# [Exercise description]
All entries need to be written out again exactly, without their pictures.

[Data items]
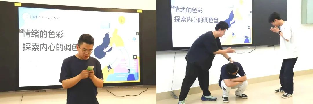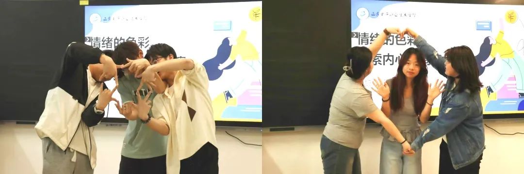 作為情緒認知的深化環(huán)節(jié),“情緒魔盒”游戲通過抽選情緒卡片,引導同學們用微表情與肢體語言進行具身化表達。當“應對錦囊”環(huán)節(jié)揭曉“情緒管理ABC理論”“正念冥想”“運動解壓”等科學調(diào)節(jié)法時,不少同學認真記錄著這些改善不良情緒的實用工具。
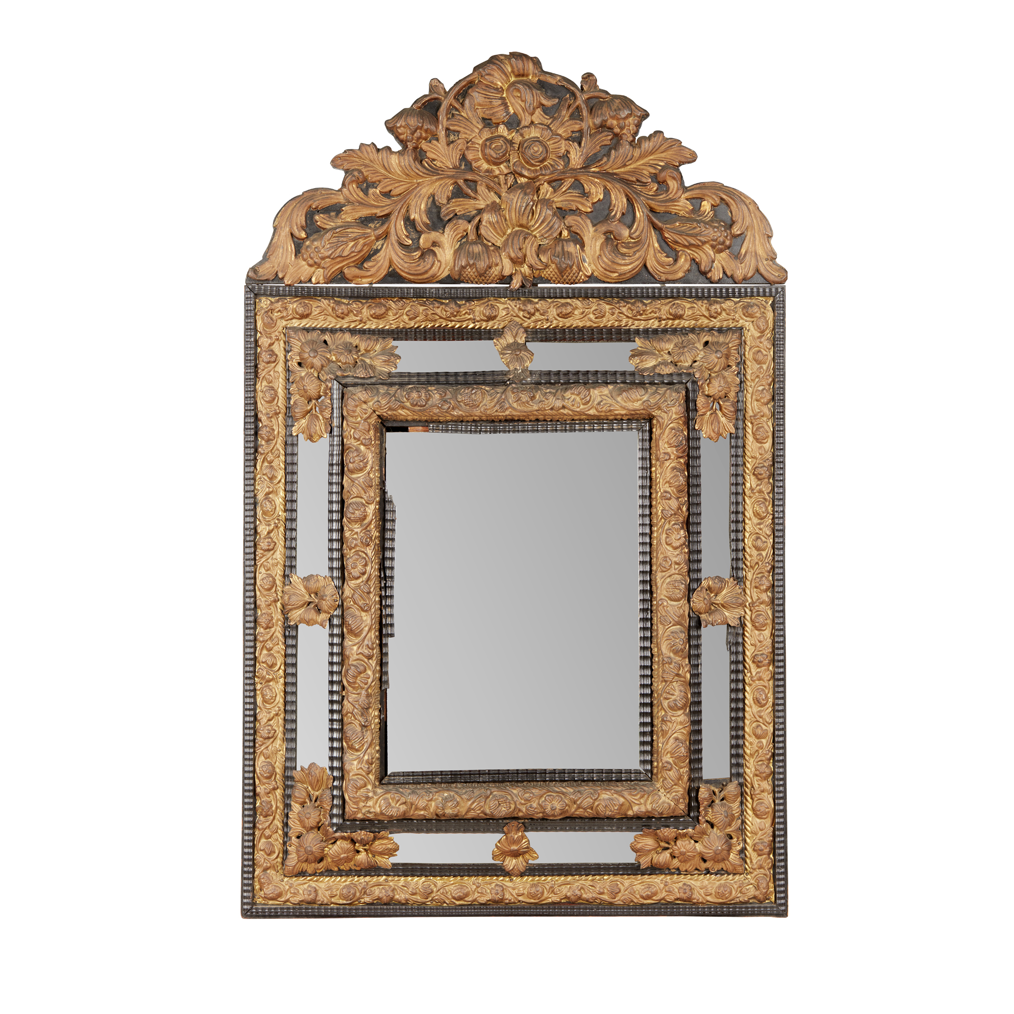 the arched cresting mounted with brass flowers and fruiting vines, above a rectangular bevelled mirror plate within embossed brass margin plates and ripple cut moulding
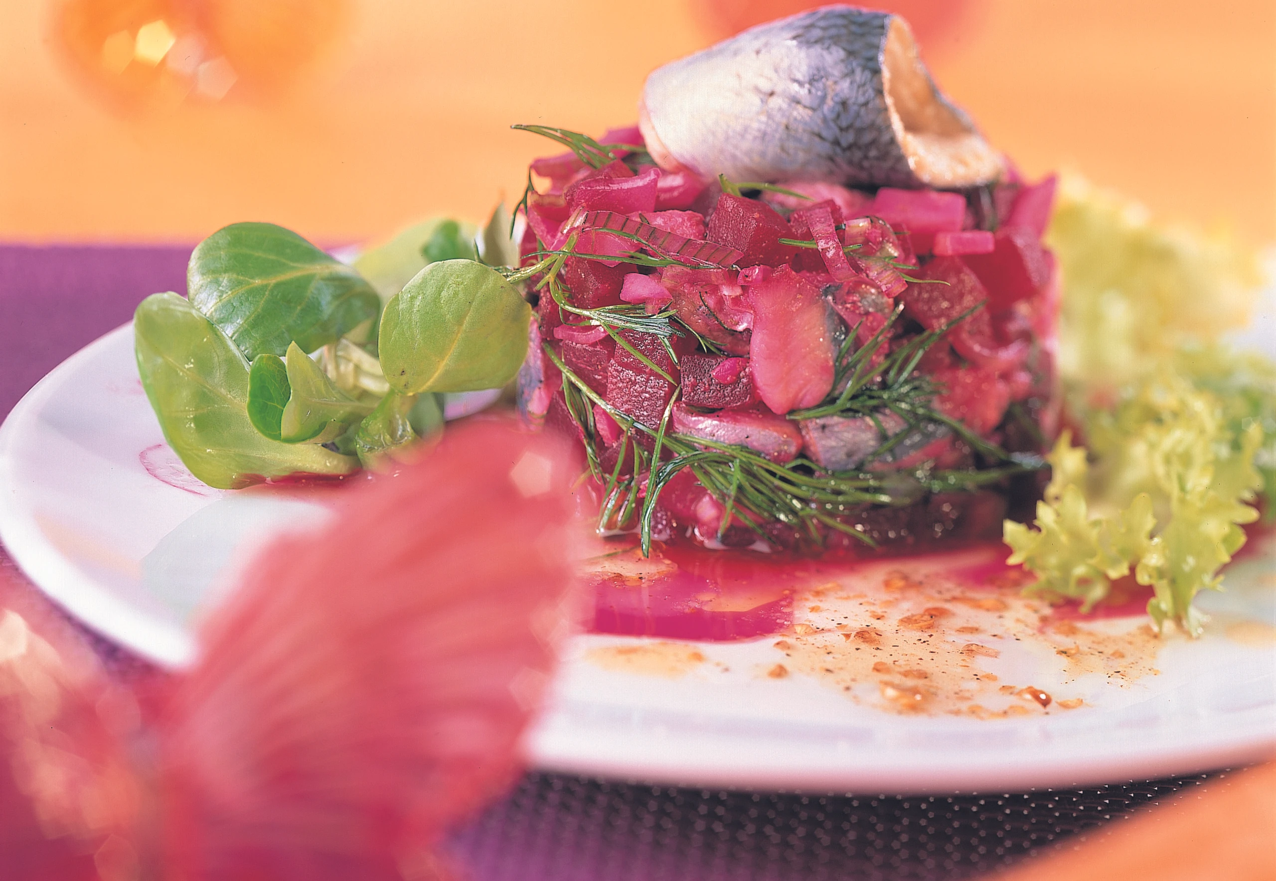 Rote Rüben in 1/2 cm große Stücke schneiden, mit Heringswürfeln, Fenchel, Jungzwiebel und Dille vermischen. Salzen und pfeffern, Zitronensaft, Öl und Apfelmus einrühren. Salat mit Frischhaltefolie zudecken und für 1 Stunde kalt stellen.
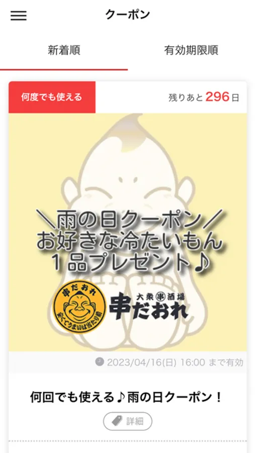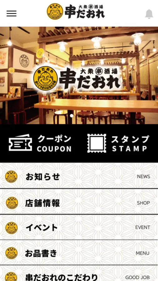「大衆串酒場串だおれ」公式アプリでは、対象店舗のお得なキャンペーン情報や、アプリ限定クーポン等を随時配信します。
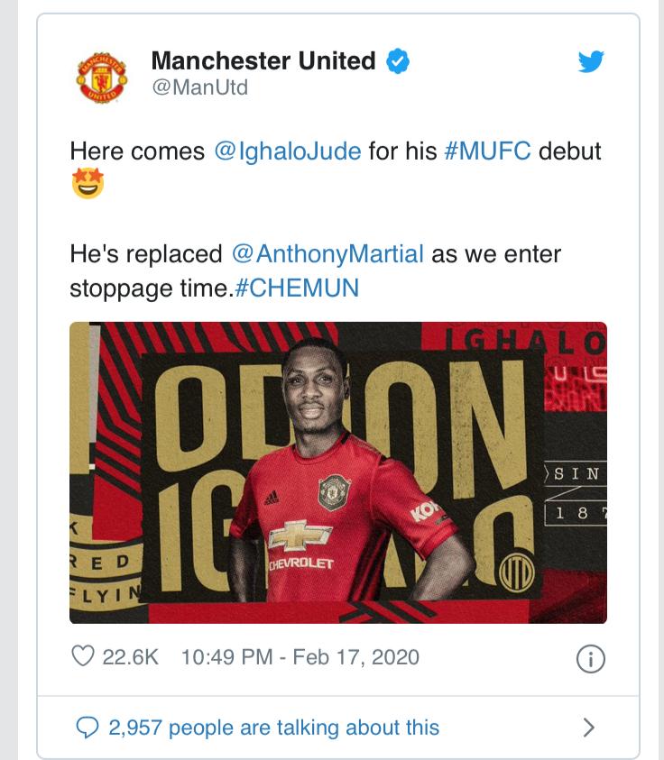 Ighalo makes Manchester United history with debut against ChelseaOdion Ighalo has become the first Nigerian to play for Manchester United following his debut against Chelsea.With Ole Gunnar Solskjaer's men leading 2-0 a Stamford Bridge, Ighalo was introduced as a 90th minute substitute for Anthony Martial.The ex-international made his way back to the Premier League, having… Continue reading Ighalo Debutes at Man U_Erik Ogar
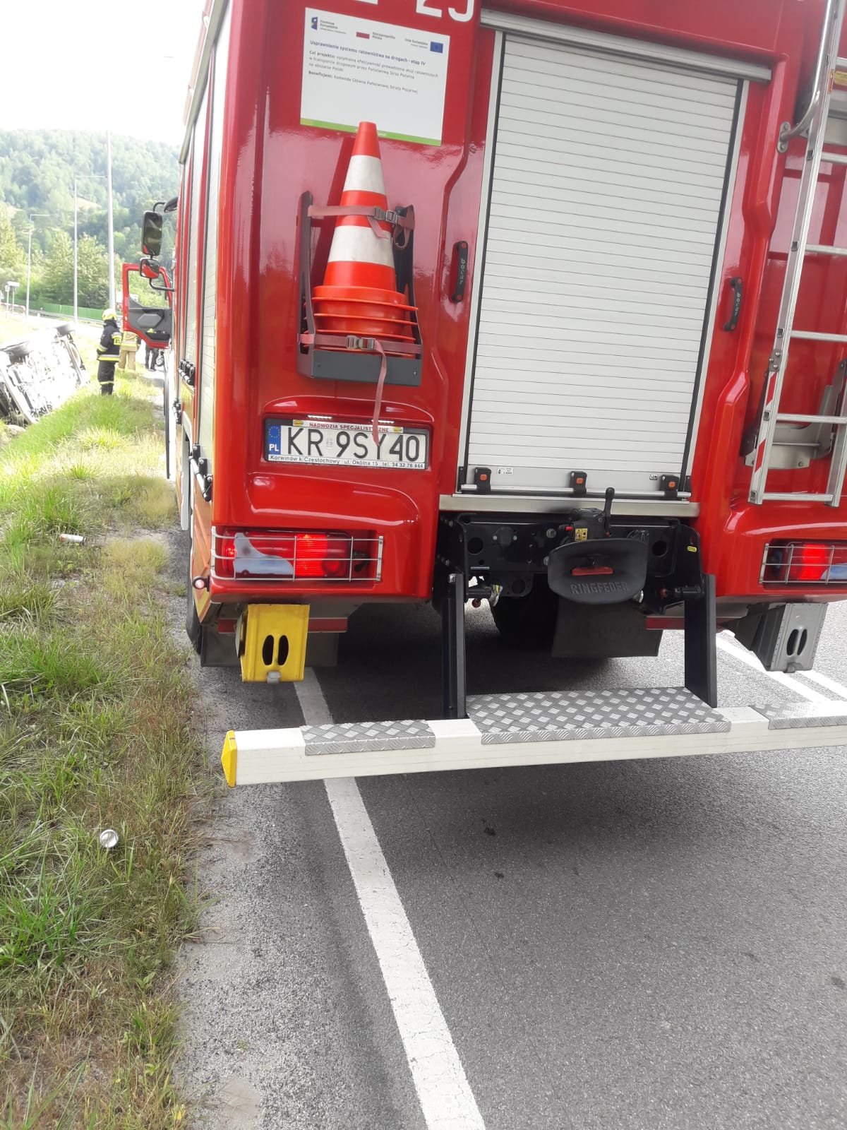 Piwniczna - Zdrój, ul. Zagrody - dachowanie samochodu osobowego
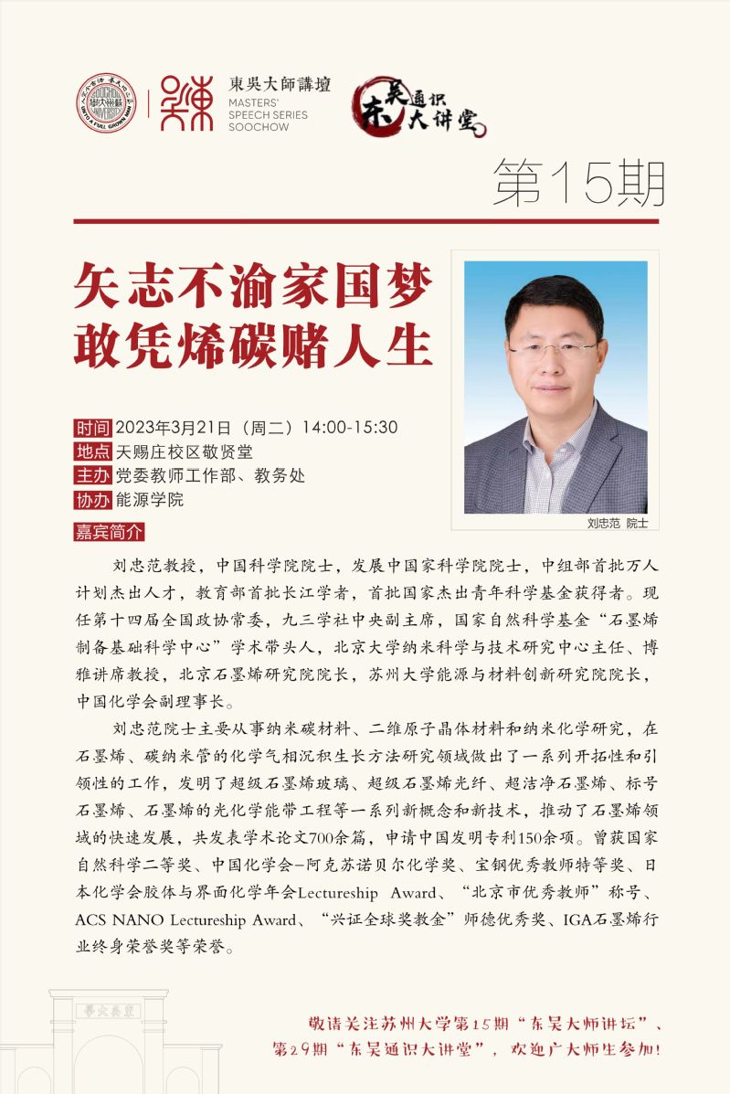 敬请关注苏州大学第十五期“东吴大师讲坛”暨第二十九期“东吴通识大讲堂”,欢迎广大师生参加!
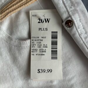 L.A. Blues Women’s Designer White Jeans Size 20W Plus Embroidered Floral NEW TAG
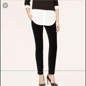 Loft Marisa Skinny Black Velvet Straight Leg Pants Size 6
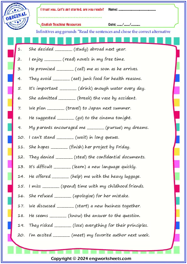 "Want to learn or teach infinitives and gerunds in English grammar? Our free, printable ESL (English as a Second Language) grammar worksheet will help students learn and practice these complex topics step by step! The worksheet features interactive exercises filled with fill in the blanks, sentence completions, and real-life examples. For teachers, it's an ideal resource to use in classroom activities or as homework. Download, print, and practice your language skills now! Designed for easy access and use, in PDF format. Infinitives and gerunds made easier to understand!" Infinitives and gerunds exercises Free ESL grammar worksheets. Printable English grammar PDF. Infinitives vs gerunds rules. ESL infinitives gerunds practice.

# [Exercise answer]
 作為情緒認知的深化環(huán)節(jié),“情緒魔盒”游戲通過抽選情緒卡片,引導同學們用微表情與肢體語言進行具身化表達。當“應對錦囊”環(huán)節(jié)揭曉“情緒管理ABC理論”“正念冥想”“運動解壓”等科學調(diào)節(jié)法時,不少同學認真記錄著這些改善不良情緒的實用工具。
 the arched cresting mounted with brass flowers and fruiting vines, above a rectangular bevelled mirror plate within embossed brass margin plates and ripple cut moulding
 Rote Rüben in 1/2 cm große Stücke schneiden, mit Heringswürfeln, Fenchel, Jungzwiebel und Dille vermischen. Salzen und pfeffern, Zitronensaft, Öl und Apfelmus einrühren. Salat mit Frischhaltefolie zudecken und für 1 Stunde kalt stellen.
「大衆串酒場串だおれ」公式アプリでは、対象店舗のお得なキャンペーン情報や、アプリ限定クーポン等を随時配信します。
 Ighalo makes Manchester United history with debut against ChelseaOdion Ighalo has become the first Nigerian to play for Manchester United following his debut against Chelsea.With Ole Gunnar Solskjaer's men leading 2-0 a Stamford Bridge, Ighalo was introduced as a 90th minute substitute for Anthony Martial.The ex-international made his way back to the Premier League, having… Continue reading Ighalo Debutes at Man U_Erik Ogar
 Piwniczna - Zdrój, ul. Zagrody - dachowanie samochodu osobowego
 敬请关注苏州大学第十五期“东吴大师讲坛”暨第二十九期“东吴通识大讲堂”,欢迎广大师生参加!
 L.A. Blues Women’s Designer White Jeans Size 20W Plus Embroidered Floral NEW TAG
 Loft Marisa Skinny Black Velvet Straight Leg Pants Size 6
 "Want to learn or teach infinitives and gerunds in English grammar? Our free, printable ESL (English as a Second Language) grammar worksheet will help students learn and practice these complex topics step by step! The worksheet features interactive exercises filled with fill in the blanks, sentence completions, and real-life examples. For teachers, it's an ideal resource to use in classroom activities or as homework. Download, print, and practice your language skills now! Designed for easy access and use, in PDF format. Infinitives and gerunds made easier to understand!" Infinitives and gerunds exercises Free ESL grammar worksheets. Printable English grammar PDF. Infinitives vs gerunds rules. ESL infinitives gerunds practice.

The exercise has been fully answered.